Last summer, everyone was all a-buzz about the first volume in a new fantasy series by Erika Johansen. I had every good intention to either read or listen to The Queen of the Tearling right away, but life or other books or work or something got in the way.
A few weeks ago, I received a finished copy of the paperback edition, with its pretty red cover. When I tweeted about the book, so many people in my feed told me how much they loved it, I decided to get right to it. Especially because the second book in the Tearling series is coming out in early summer.
Here are my thoughts in a bullet review.
• What happens: Nineteen-year-old Kelsea Raleigh Glynn has been raised in isolation by foster parents. All she really knows about herself is that her mother was a queen and that she is to inherit the throne some day. When that day comes, Kelsea is turned over to the Queen's Guard and is taken to New London and the castle keep. Full of book learning and high ideals, Kelsea must win over her guard and her kingdom, make changes, appease her uncle (who has served as regent), and protect her citizens. The first change she implements, however, has broad-reaching and potentially disastrous results.
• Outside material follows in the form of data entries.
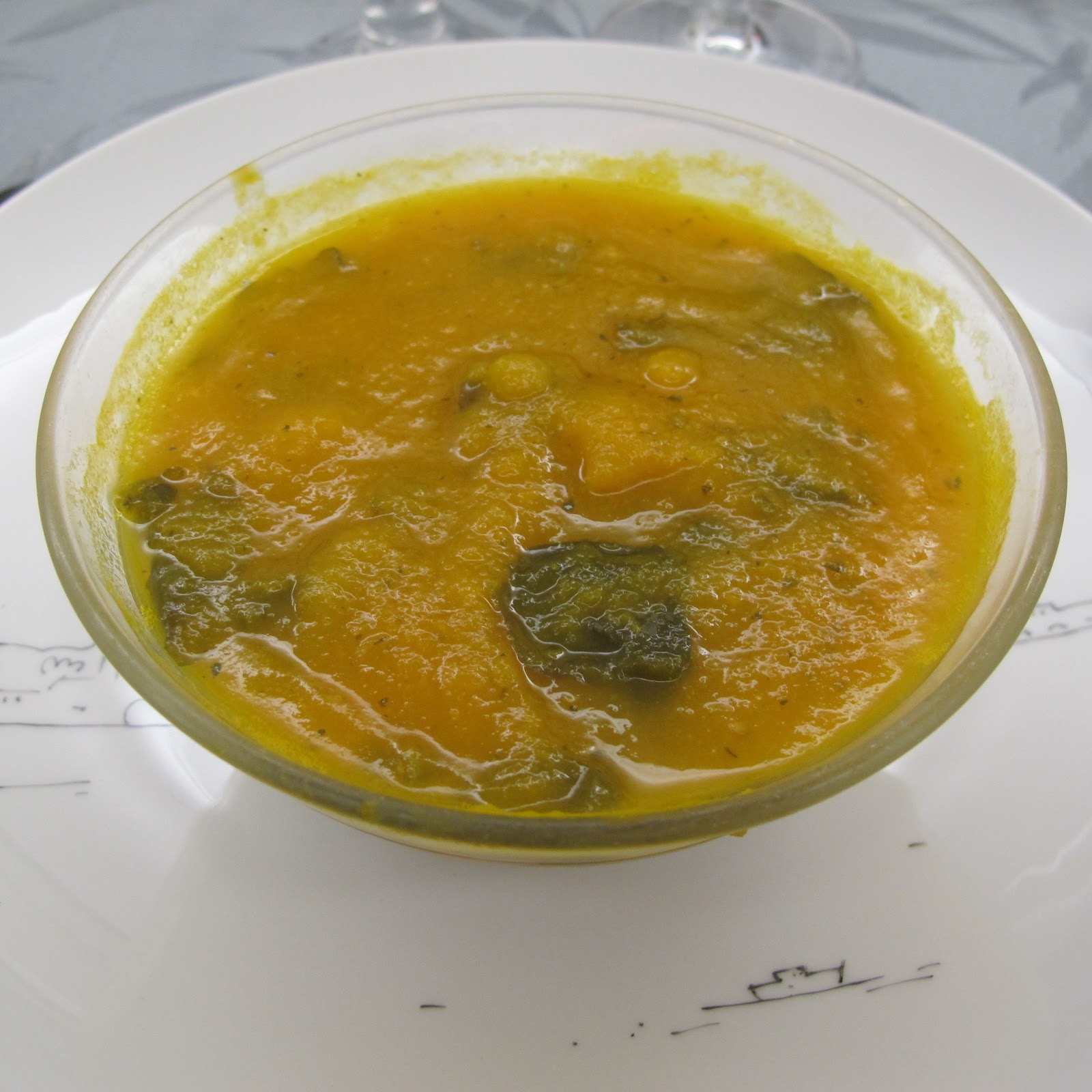 Levar ao lume até cozer. Quando os legumes estiverem bem cozidos, triturar com a varinha mágica.
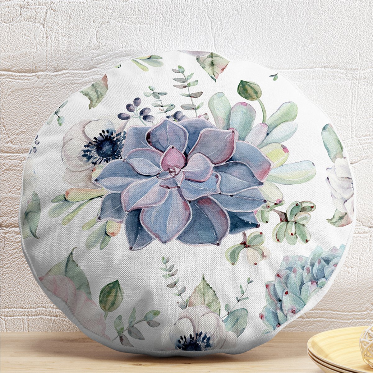 Beyaz Zeminde Çiçek Motifli Dijital Baskılı Dekoratif Yuvarlak Yastık Kırlent Kılıfı
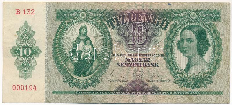 Beschreibung: 1936. 10P alacsony "B 132 000194" sorszámmal T:F
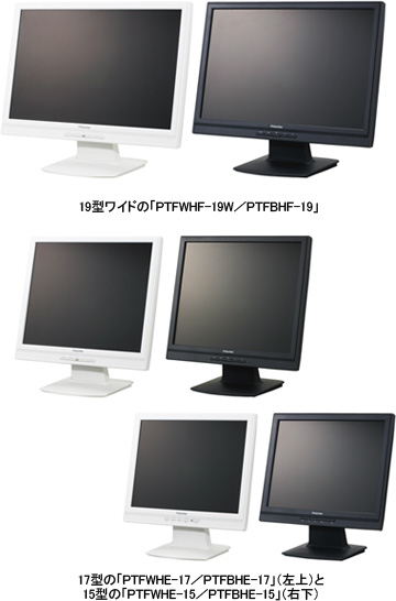 15型「PTFWHE-15」「PTFBHE-15」は、応答速度は8ms。最大輝度は250cd/m2、コントラスト比は700:1、視野角は水平方向が150度、垂直方向が135度。モニタ下面にステレオスピ?カー(1W×2)を内蔵し、D-subミニ15ピンを装備。液晶ディプレイは現在17型以上が一般的だが、公共機関など一部で1024×768ドッドの画面表示に適した15型に対する需要があるため、製品化したという。
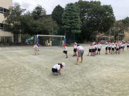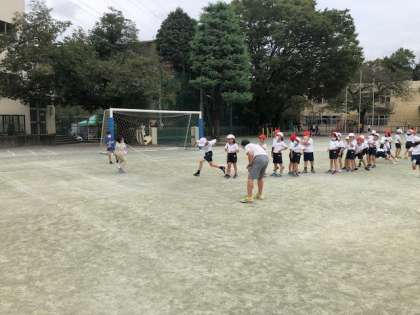 2年生の体育では長縄を用いて運動遊びをしていました。大波を跳び越える遊びをしていました。みんなで跳ぶタイミングを知らせる声を掛けながら、楽しく運動遊びをしました。入るタイミングがなかなかつかめず、縄とにらめっこをしている姿もあり、とても微笑ましく映りました。こういった遊びに慣れながら跳び方の種類を増やし、より楽しく遊べるように取り組んでいきます。
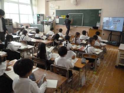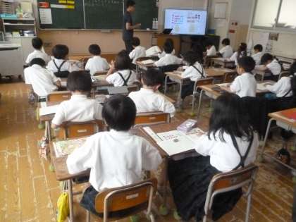1年生は算数科の時間に「6を つくろう」に取り組んでいます。おはじきが6個あって、数当てをします。「右手に1個のおはじき、では左手には何個あるでしょうか。」など、クイズのようにして6の構成について考えていきます。「6は1と□」「6は2と△」……、早く慣れてほしいと思います。

• Time period, genre, and such: Although The Queen of the Tearling is billed as a fantasy, it's really a mix of alternate history, dystopian, and yes, fantasy wrapped up in a kind of coming-of-age story. I really don't know how else to describe it. The time is the twenty-fourth century, and Kelsea's country, somewhere in what was once Europe, has lost most of its technology. There are no computers, electricity, or even advanced medicine. Three hundred years earlier, the poor and disgruntled climbed into boats and left America to find a new life. Stories of life before the Crossing abound, but in the Tearling and in the neighboring country of Mortmesne, technology is once again at the level of the Dark Ages. There is, however, magic, but we don't yet know who controls it and whether it is good or evil.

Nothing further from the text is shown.